Bathroom insulation

Discussion in 'Builders' Talk' started by gingertimmins, Dec 25, 2017.

  1. Jord86

    Jord86 Well-Known Member

    I personally don't like the idea of full wall tiling on top of dot and dabbed insulated plasterboard in a bathroom, and I certainly don't like the idea of using the insulated plasterboard in a bathroom/shower area where it's not moisture resistant plasterboard to start with. I'm not poopoo-ing DA's input now, as I can only speak for my own house, but theres no sign of any cold spots in my battened bathroom, and as I earlier stated it's now a decent temperature for a solid wall house without the radiator on.

    One more point, dot and dabbing insulated plasterboard is (in my opinion) harder to attempt from a DIY perspective, as opposed to battening.
     
    Deleted member 33931 likes this.
  2. gingertimmins

    gingertimmins Member

    Ahhhh I'd made my mind up with the battening route but DA puts up some good arguments for the PIR board route.

    Just weighing up the options and sadly price is a major factor.
    I did think battening was the easiest from a diy perspective but as my bro in law will be assisting D&D won't be an issue as he is a plasterer by trade.

    The big issue for me is, as Jord says, the weight of the tiles as I plan on tiling floor to ceiling on at least one wall.

    I've found a board locally, reasonably priced but it is lacking a length measurement. Could someone confirm if the following product is 1200mm x 2400mm x whatever thickness I decide?
    https://www.buildbase.co.uk/gtec-thermal-pir-board-10353-2804665

    If it's not that length then it's not such good value.
     
  3. Jord86

    Jord86 Well-Known Member


    That board will be 2.4x1.2 yes.
     
  4. What Jord says in post #21 is all fair do's.

    Bear in mind that whichever method you use is going to be a massive improvement, so go for what makes you feel more comfy tackling.
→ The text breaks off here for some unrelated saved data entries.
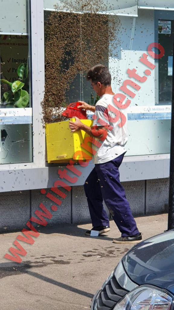Acesta ne-a mai spus ca s-a aciuat pe geamul CAR Moldova albinele dintr-un stup intreg. Se pare ca albinele au scapat cumva de sub control si si-au urmat matca(regina) pentru a o proteja, creand ad-hoc un „stup” pe geamul institutitiei financiare. Apicultorul chemat la fata locului ne-a mai spus ca albinele au plecat la roit si , probabil s-au ratacit, venind dupa matca, asa cum spuneam. Stupul in care colecta albinele ii apartine, dar nu se stie ale cui sunt acestea.. Poate ca vom afla, dar pana atunci este foarte interesant modul in care actioneaza aceste fiinte mici, pe baza informatiile genetice sau a constiintei colective care le guverneaza activitate.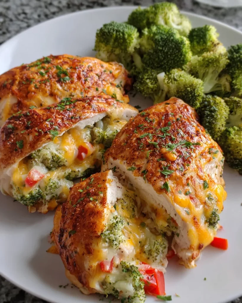 Broccoli and Cheese Stuffed Chicken is a delicious and satisfying recipe featuring tender chicken breasts filled with a flavorful broccoli and cheese mixture, perfect for a family dinner.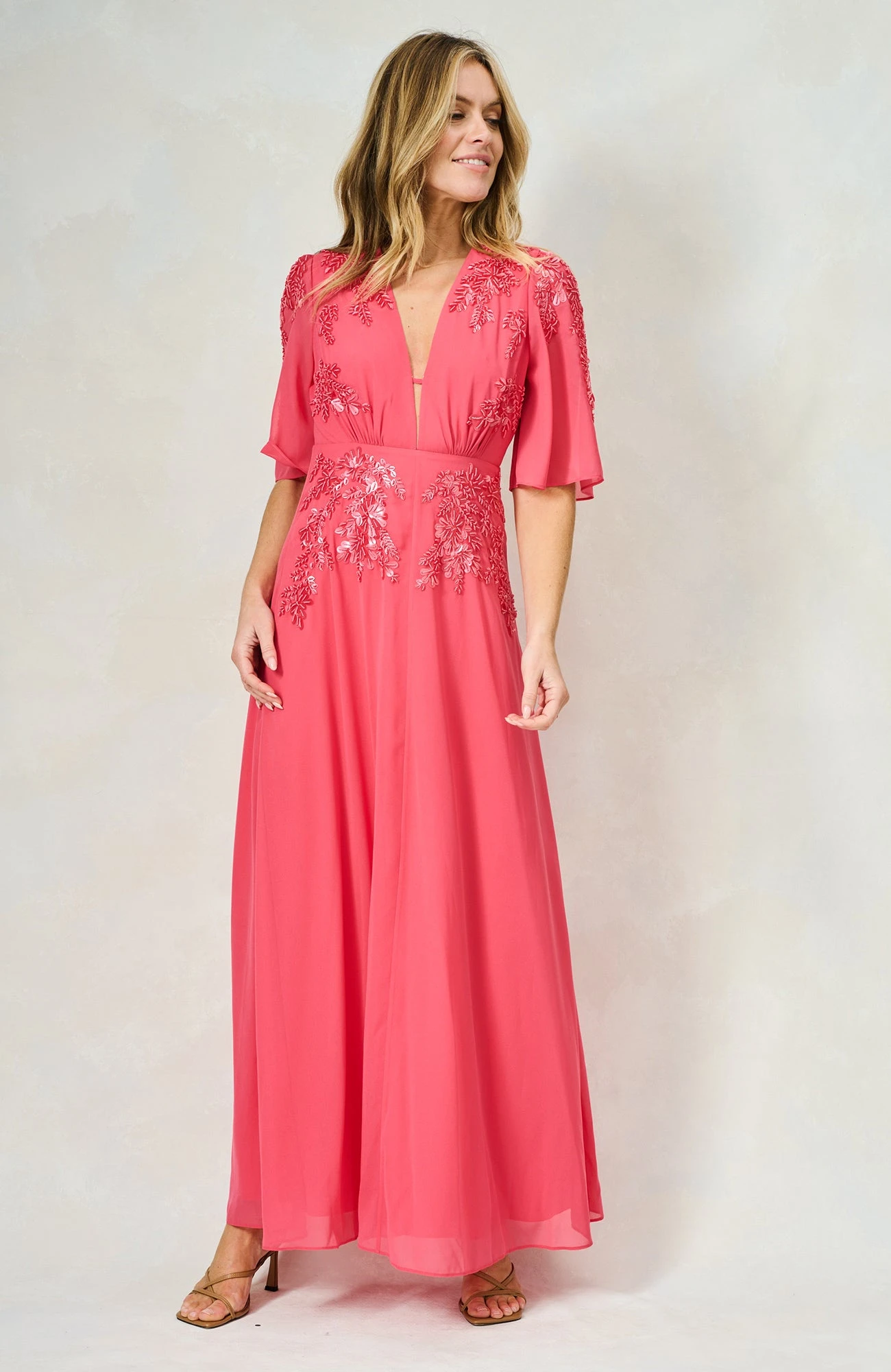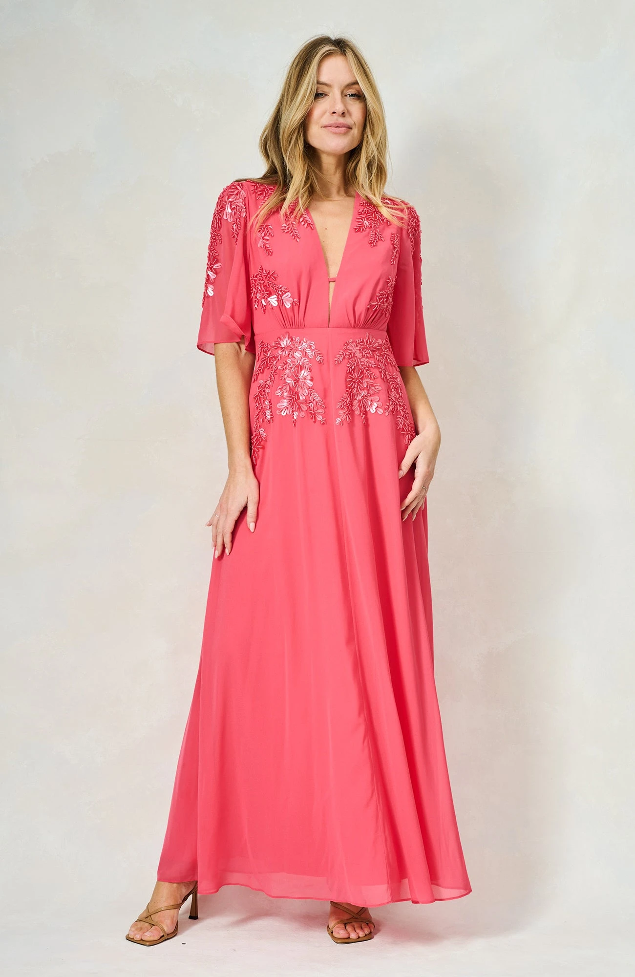 The Kemi Plunge Front Embellished Maxi Dress With Flutter Sleeve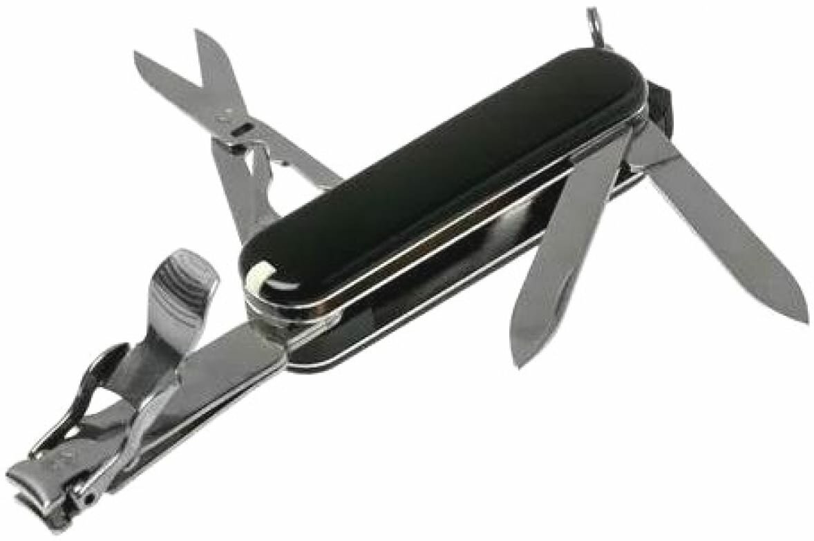 Лезвие Пилка для ногтей с: - Инструментом для ухода за ногтями; Книпсер (кусачки для ногтей); Ножницы с серрейторной заточкой; Пинцет; Зубочистка; Кольцо для ключей.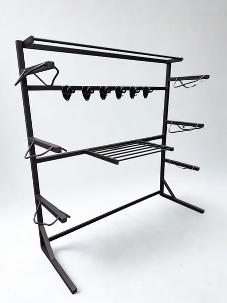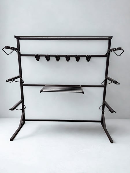 Stalowa ścianka siodlarniana. Praktyczna i estetyczna ścianka siodlarniana, wykonana z wysokiej jakości stali malowanej proszkowo. To niezastąpiony element wyposażenia każdej profesjonalnej siodlarni. Pomieści: • do 6 siodeł • do 6 ogłowi • do 6 czapraków • 1–3 derki (na górnej półce) Wymiary: 182x200x66 cm Zalety: • Solidna, stabilna konstrukcja stalowa • Starannie wykonane spawy i wykończenia • Malowanie proszkowe zapewnia odporność na wilgoć i uszkodzenia mechaniczne • Ergonomiczny układ uchwytów – szybki dostęp i dobra organizacja sprzętu Idealna do stajni sportowych, rekreacyjnych oraz prywatnych. Doskonale sprawdzi się zarówno wewnątrz, jak i w dobrze zadaszonych pomieszczeniach gospodarczych. Prezentowana ścianka jest standardem. Możemy dla Państwa wykonać podobną, jednak według Państwa projektu - w innych wymiarach, na kółkach, bez nóżek (do przykręcenia do ściany), w innym kolorze. Czas realizacji zamówienia: do 7 dni roboczych. Odbiór osobisty lub wysyłka na koszt kupującego. W celu uzyskania większej ilości informacji, zapraszam do kontaktu w wiadomości prywatnej lub telefonicznie. Stojak na siodło - wieszak na siodło - wieszak na ogłowie - ścianka siodlarniana - wieszak na derki - wieszak na czaprak

    And yes, if you are full-wall tiling then perhaps battened is better - a totally reliable mechanical fixing. And definitely yes you should use a waterproof tiling back-board in the shower area, and not plasterboard.
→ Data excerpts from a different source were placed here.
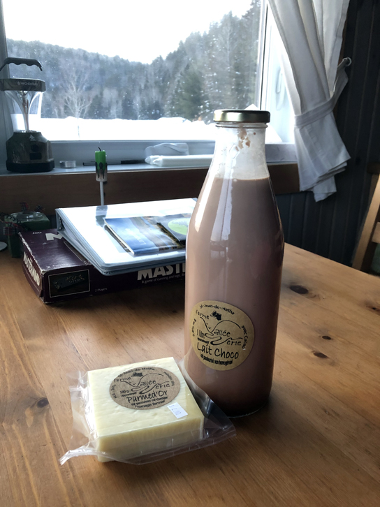 Impossible, pour nous, d’aller dans Lanaudière sans se procurer du lait d’antan, du fromage ou du yogourt de la Ferme Vallée Verte Fromagerie, à Saint-Jean-de-Matha! Vous les reconnaîtrez, comme dit notre fille de 4 ans, par leur étiquette qui ressemble à «un dinosaure qui a pondu du lait au chocolat» 😉 … Leur lait non homogénéisé (avec de la crème sur le dessus) et leurs yogourts sont si savoureux!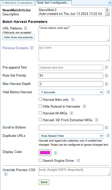 This is used by Sintelix to determine which Rule Set to apply to which web pages based on the web page URL. Selecting will populate this field with URLs found in the Gold Standard Collection. Enter the domain or URL patterns you want the rule set to harvest. If the rule set is for a specific domain, enter the domain, using wild cards if necessary, for example *nytimes.com* If the rule set is more generic, enter specific domains and/or parts of URLs, using wild cards to make them as generic as possible. For example. *.*blog*.com* *.*news*.com* *.*post*.com* *.*press*.com* *.abc.* */article* */news* */story* |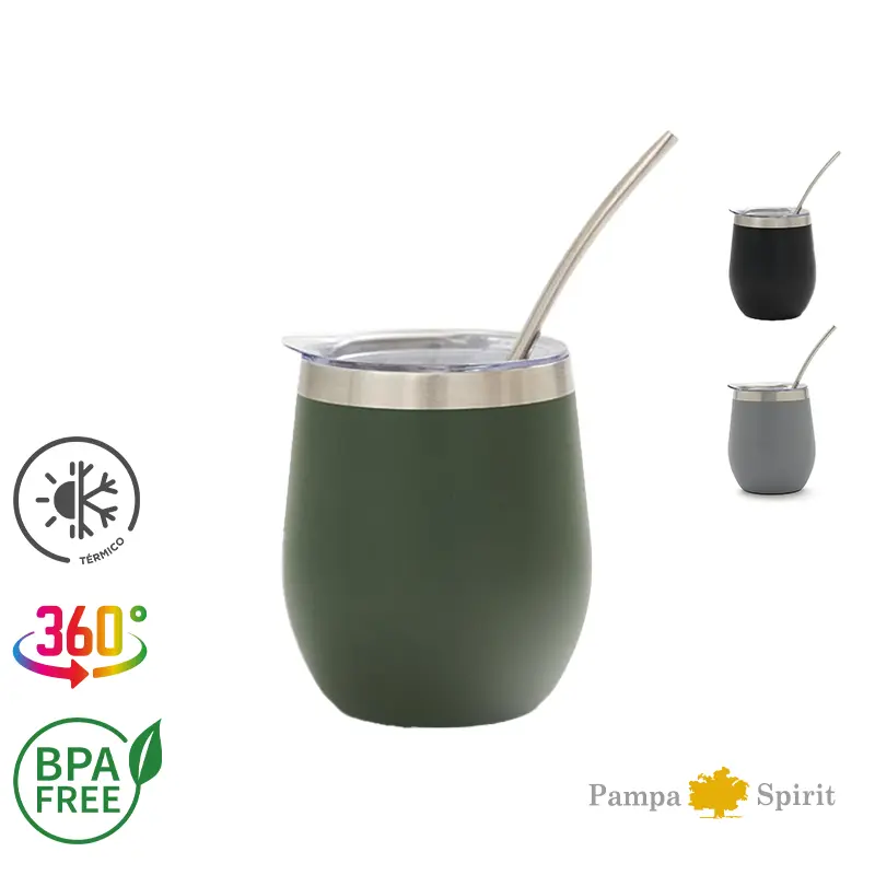 Mate confeccionado en doble pared de acero inoxidable 304. Cuenta con tapa antiderrame y bombilla de acero. Capacidad: 220 ml. Producto libre de BPA. Pampa Spirit. Incluye GiftBox confeccionada en cartulina Kraft ¡personalizala con un mensaje especial!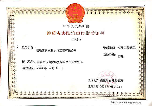 地质灾害防治单位资质证书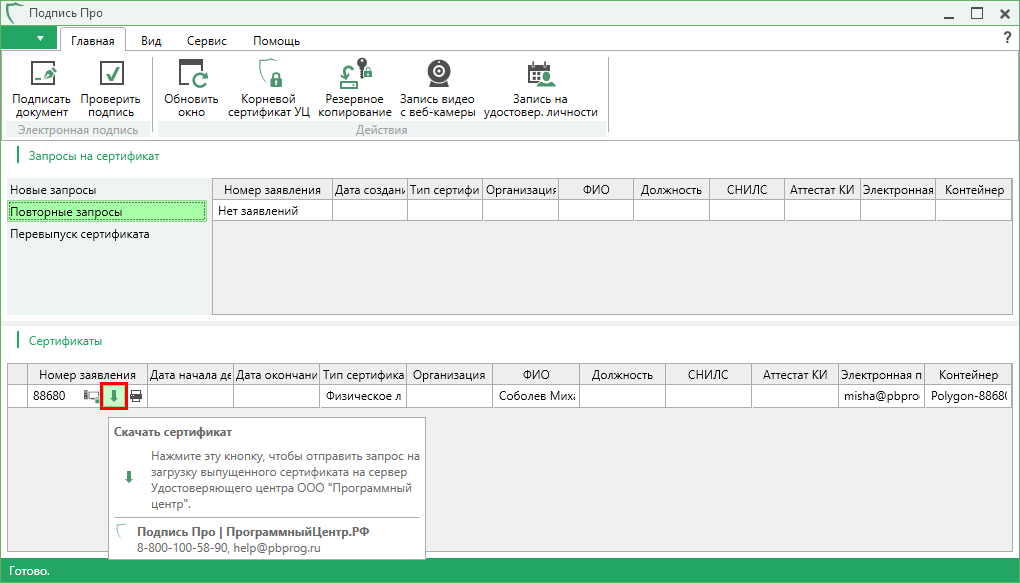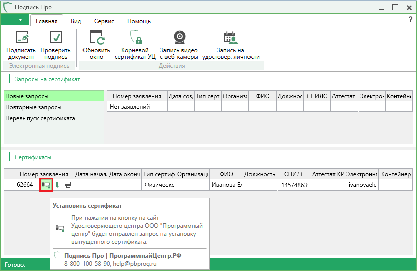После одобрения оператором УЦ запроса на сертификат, выпущенный сертификат скачайте и установите, используя программу "Подпись Про", разработанную специально для взаимодействия с УЦ ООО "ПРОГРАММНЫЙ ЦЕНТР".

    There you go - a full circle. Stick to your first plan :)

    Or go with your bro's judgement - he's the pro.
     
  5. gingertimmins

    gingertimmins Member

    Gday everyone. Just thought I'd update here.
    The past few days have seen a transformation in tha bathroom- 3 walls insulated with pir board. Went for the dot and dab approach. Ripped down the ceiling, built a new frame, insulated with pir board. All plastering done, bath installed which included drilling a new waste outlet in the external wall, all plumbing done and new rad installed. Still a million jobs to do- tiles tomorrow, maybe some painting.

    The be all and end all is that the room is now really toasty instead of ice cold. I'm absolutely amazed at the difference.
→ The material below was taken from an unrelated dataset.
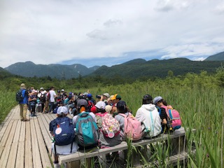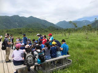 戦場ヶ原の素晴らしい景色を背景にクラス写真を撮って休憩です。山々がこんなに美しく見えるのは珍しいそうです。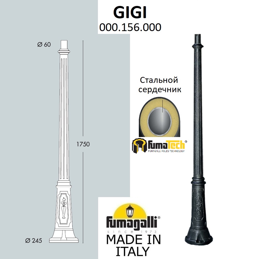 Парковый столб FUMAGALLI, модель GIGI. Опора наземная высотой 1750 мм для светильника малого, среднего и большого размера. Классический дизайн "под литье", имитация чугунных парковых опор позапрошлого века. Закладные детали для монтажа входят в комплект поставки. Изготовлена по технологии FUMATECH, с использованием материалов с разными физическими свойствами. В центре изделия расположена стальная (оцинкованная с двух сторон) труба, которая гарантирует прочность и жесткость конструкции. С внешней стороны используется сверхпрочный технологичный полимерный материал RESIN, который защищает поверхность от агрессивного воздействия всех атмосферных факторов (покрытие не ржавеет, не выгорает на солнце, не боится солей и реагентов). Пространство между этими материалами под высоким давлением заполнено плотной, не впитывающей воду полиуретановой пеной, которая прочно соединяет все конструкцию в единое целое. Не проводит электричество!!! Фонарный столб и светильники не требуют заземления и относятся к 2 классу электробезопастности. Посадочный размер для фонарей и консолей уличных светильников равен 60мм.. Срок службы - не менее 20 лет. Температура использования от -60 до +90.

    Thanks everyone for the advice here and in my other thread about tiling. I'll post some photos once I'm nearer completion.
     
    Jord86 and Deleted member 33931 like this.
  6. Wow - and phew :)

    Thanks for the update - that's really reassuring.

    Did you remove all the tiles and plaster before D&Ding? Or D&D on top?

    (Are you gonna post some photos? We LOVE photos...)
     
  7. Jord86

    Jord86 Well-Known Member


    Good, I'm glad for you, hope you're happy with the end result, it really will be worth it.
     
  8. gingertimmins

    gingertimmins Member

    This is the one bit of advice I didn't take but wish that I had. She was fine the first few days when stuffs getting ripped out- it's all a load of fun! Since then she's been a nightmare claiming that it "looks like it did this morning" and it actually pained her to admit that it is much warmer in there!


    I will post pics when I get a bit more time to sit down but I have periodically been taking some snaps.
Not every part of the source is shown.